**Exercise objective**
Produce as output only the lines below starting at the line with "multifunkciós rozsdamentes szerszám, kombinált" and continuing through the line with "Video perkenalan produk", each one exactly as written.

**Extracted material**
------------------------------------------------------------------------
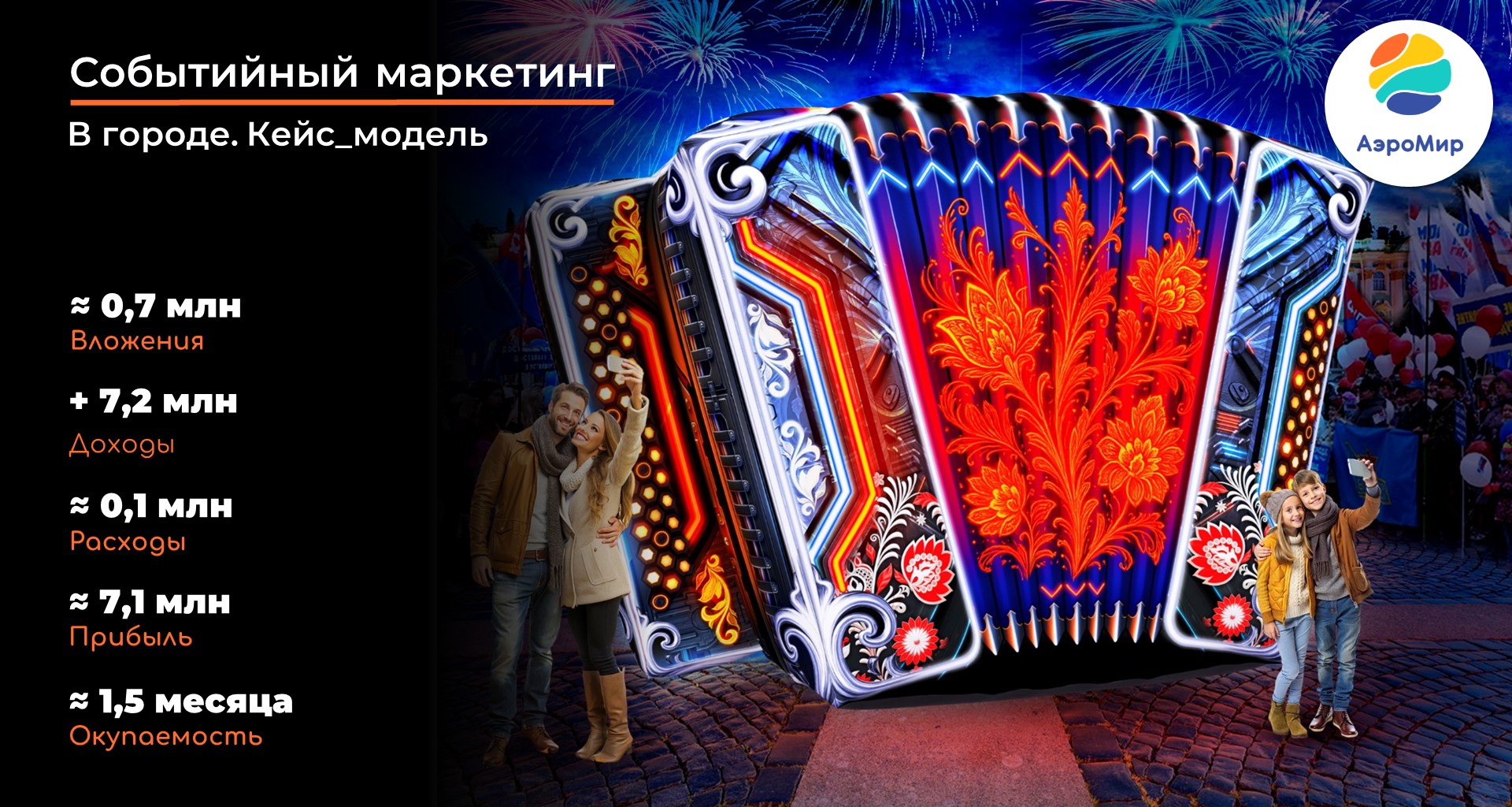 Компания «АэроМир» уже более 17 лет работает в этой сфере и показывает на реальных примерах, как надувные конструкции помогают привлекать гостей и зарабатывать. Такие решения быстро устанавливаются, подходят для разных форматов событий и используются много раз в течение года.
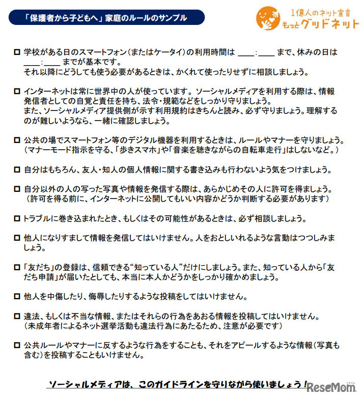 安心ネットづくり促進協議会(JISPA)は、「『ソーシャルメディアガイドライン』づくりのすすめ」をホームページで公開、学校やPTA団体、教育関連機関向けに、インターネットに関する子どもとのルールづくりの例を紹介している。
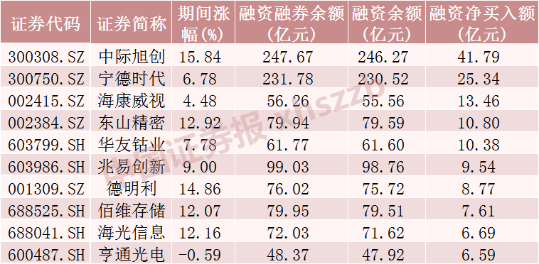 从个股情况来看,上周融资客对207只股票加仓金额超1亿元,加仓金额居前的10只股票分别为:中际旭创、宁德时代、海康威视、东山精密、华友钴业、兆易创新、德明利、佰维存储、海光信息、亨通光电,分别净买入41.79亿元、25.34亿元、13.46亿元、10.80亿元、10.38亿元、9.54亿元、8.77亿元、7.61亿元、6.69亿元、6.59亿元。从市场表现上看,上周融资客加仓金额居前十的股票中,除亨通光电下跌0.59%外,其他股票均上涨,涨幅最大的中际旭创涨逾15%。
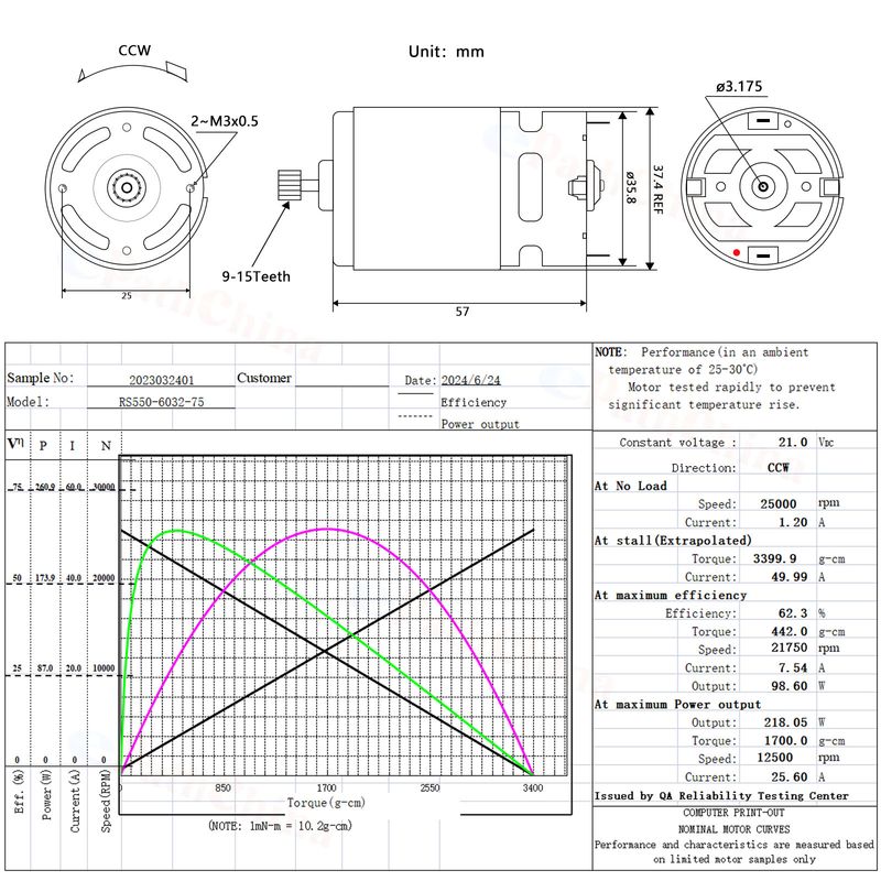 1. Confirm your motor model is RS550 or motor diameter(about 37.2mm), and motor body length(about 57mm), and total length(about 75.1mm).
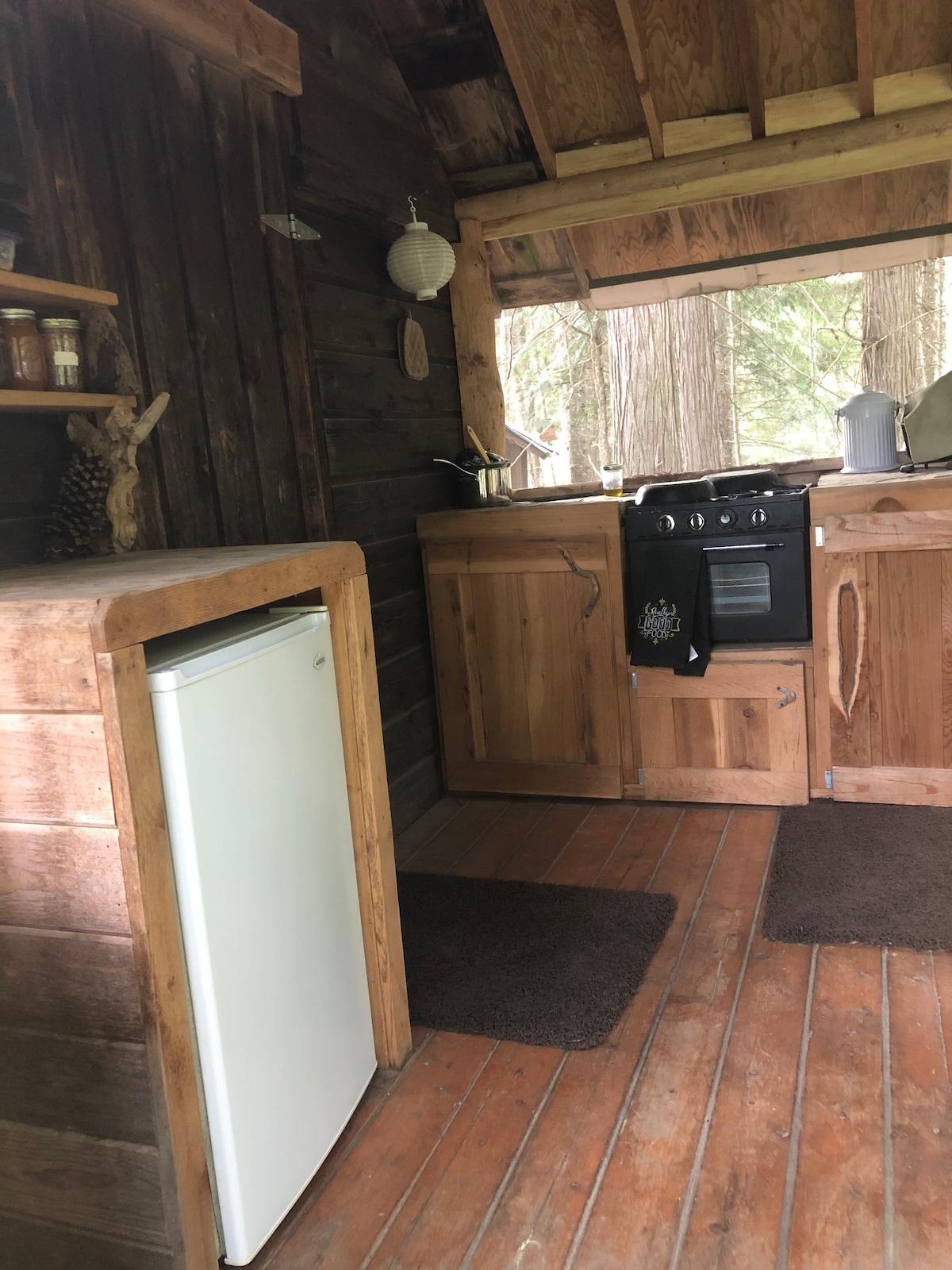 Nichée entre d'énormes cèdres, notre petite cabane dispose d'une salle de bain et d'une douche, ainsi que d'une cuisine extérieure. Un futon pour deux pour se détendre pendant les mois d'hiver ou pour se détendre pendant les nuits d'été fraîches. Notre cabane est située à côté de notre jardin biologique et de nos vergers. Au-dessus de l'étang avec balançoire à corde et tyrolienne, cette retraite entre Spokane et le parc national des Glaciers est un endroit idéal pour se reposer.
------------------------------------------------------------------------
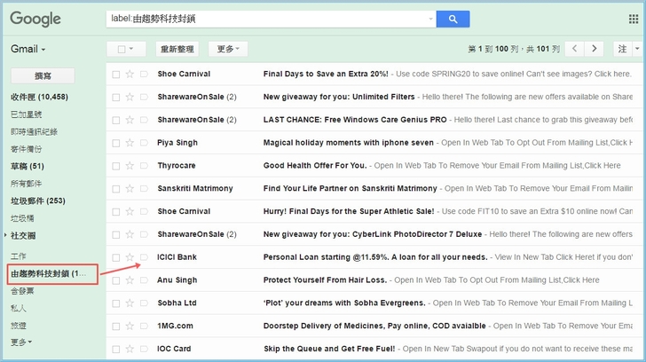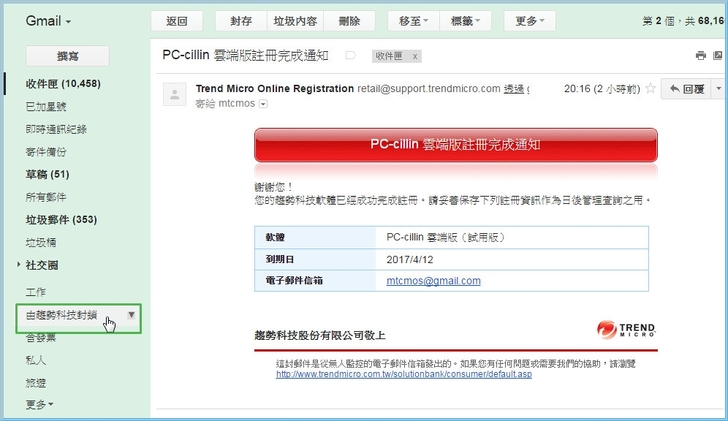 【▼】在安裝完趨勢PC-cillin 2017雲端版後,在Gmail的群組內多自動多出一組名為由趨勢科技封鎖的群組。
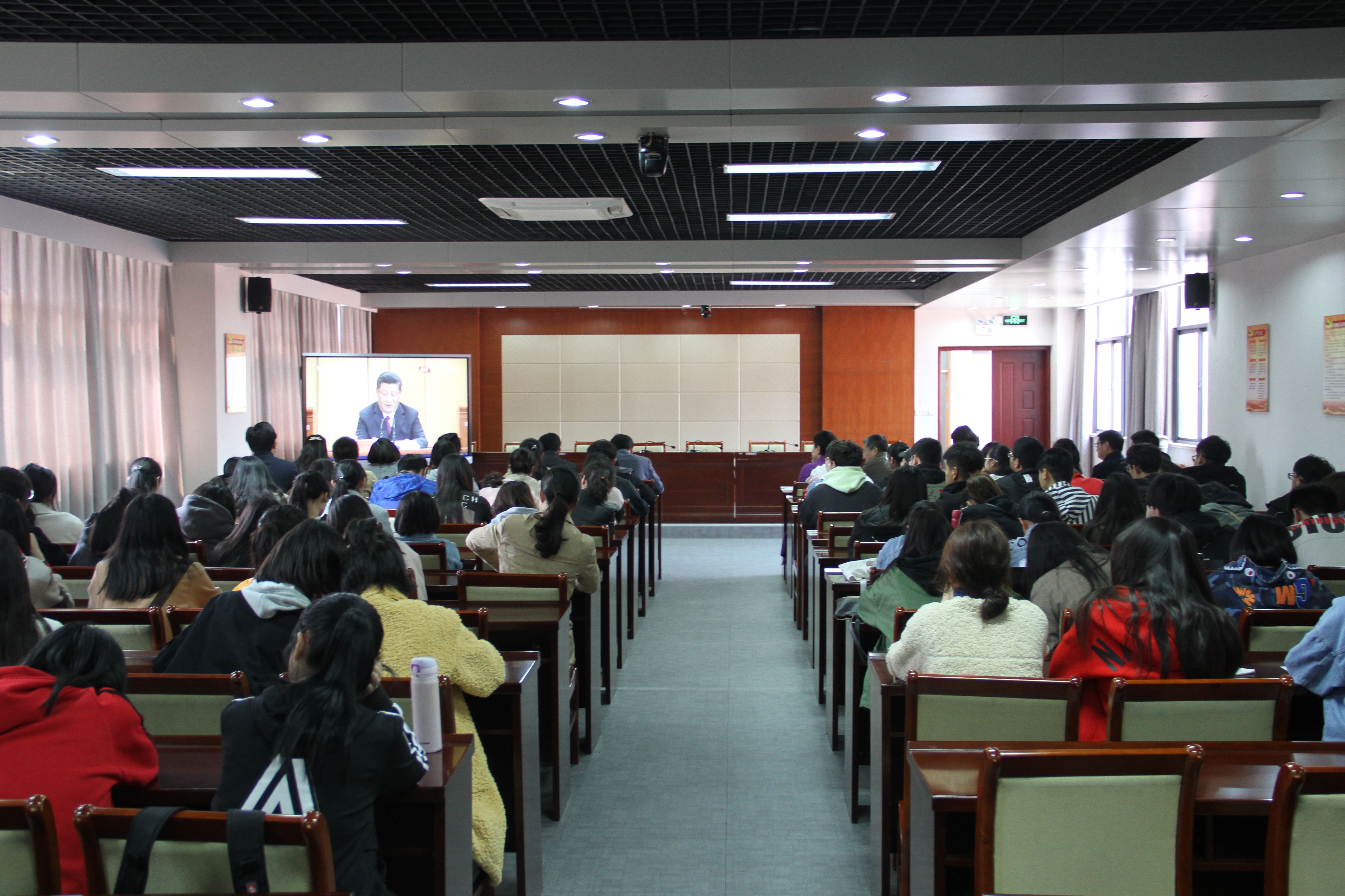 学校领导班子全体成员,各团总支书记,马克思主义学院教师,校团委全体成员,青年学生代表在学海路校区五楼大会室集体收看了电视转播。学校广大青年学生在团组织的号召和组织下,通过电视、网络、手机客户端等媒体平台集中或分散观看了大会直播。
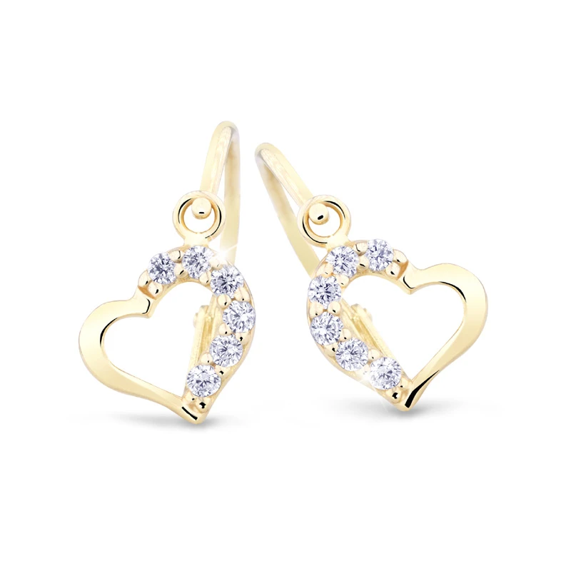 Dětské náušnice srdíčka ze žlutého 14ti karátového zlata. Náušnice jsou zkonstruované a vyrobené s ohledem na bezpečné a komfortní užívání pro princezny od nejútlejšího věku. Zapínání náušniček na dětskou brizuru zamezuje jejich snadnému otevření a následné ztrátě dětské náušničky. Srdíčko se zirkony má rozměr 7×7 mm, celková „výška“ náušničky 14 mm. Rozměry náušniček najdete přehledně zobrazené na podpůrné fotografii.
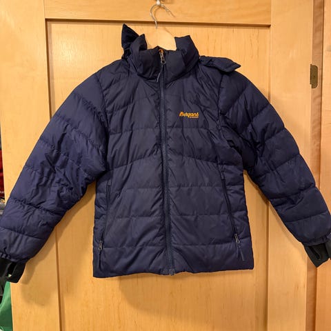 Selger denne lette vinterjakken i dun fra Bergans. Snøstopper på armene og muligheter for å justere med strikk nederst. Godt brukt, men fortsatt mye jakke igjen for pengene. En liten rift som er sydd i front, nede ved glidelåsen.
------------------------------------------------------------------------
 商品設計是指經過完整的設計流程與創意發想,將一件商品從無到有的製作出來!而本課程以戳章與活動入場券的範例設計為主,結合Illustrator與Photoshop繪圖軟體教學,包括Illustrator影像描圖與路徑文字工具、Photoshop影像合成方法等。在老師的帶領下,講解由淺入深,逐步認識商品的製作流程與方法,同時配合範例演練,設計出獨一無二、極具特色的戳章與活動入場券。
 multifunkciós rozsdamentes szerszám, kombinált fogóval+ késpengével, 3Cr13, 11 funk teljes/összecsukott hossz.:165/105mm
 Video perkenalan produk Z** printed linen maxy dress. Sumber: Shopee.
------------------------------------------------------------------------
**Exercise output**
 multifunkciós rozsdamentes szerszám, kombinált fogóval+ késpengével, 3Cr13, 11 funk teljes/összecsukott hossz.:165/105mm
 Video perkenalan produk Z** printed linen maxy dress. Sumber: Shopee.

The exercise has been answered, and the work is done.